La piccola si sistemò goffamente tra le braccia il grosso gatto di casa e accese la luce, andando a prendere posto accanto alla donna.

“Lo zio Derek non arriva?”

Addison le rivolse un sorriso mesto e le accarezzò i capelli scuri.

“No, piccola, verrà domani mattina perché deve lavorare. Ma ti manda un bacio” le rispose, baciandola sulla punta del naso e facendola ridere.
“Ma vi volete lasciare?” chiese Sophie, facendosi di nuovo seria e stringendo il gatto al petto con aria preoccupata. La donna sussultò e scosse vigorosamente la testa, ma dovette stringere la testa della bimba a sé in un abbraccio soffocante perché non vedesse le lacrime che le pungevano gli occhi.
“No” replicò a bassa voce, desiderando con tutto il cuore che quella risposta non fosse tanto in bilico tra verità e menzogna. Un soffio di vento sarebbe bastato a farla cadere da una parte all’altra. “Non ci vogliamo lasciare, tesoro, non ti preoccupare” aggiunse, accarezzandole delicatamente i capelli.

Sophie sospirò contro il suo petto, soddisfatta, e lasciò finalmente libero il gatto che si dimenava tra le sue braccia.
“Ok. Possiamo dormire insieme stanotte allora?”

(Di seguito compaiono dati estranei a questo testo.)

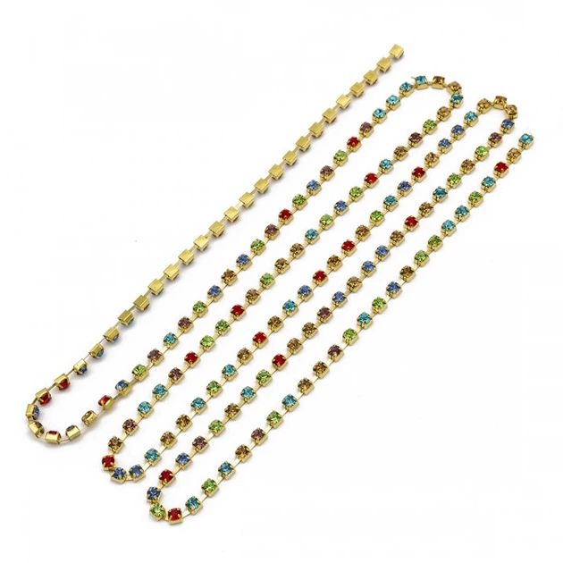 Ланцюг Латунь зі Стразами 2.8мм, Клас А, Золото, Стрази Різнокольорові, Ширина 2.8мм, близько 285шт/1.5м

Addison sorrise, commossa dalla dolcezza della nipotina. Forse non glielo aveva chiesto perché l’aveva vista giù di morale, ma senza dubbio era arrivata proprio nel momento giusto: il calore del suo corpicino accanto al proprio l’avrebbe aiutata a dimenticare la solitudine di quella gelida notte di Natale.

“Molto volentieri!” rispose, recuperando un po’ dell’allegria persa durante la telefonata. “Ma ora andiamo a cena, altrimenti chi la sente la nonna?”


 
*
 


Diverse ore dopo, quando l’intera casa era immersa in un sonno profondo, Derek era entrato nella propria vecchia camera da letto in punta di piedi.

Era vero, aveva detto a sua moglie che non si sarebbe mosso prima del mattino seguente, ma qualcosa nella telefonata che si erano scambiati gli aveva dato come uno scossone e quando anche l’ultimo paziente aveva lasciato la sala operatoria e il pronto soccorso si era fatto silenzioso e deserto l’idea di dormire nella stanza del medico di guardia gli aveva fatto un’immensa tristezza.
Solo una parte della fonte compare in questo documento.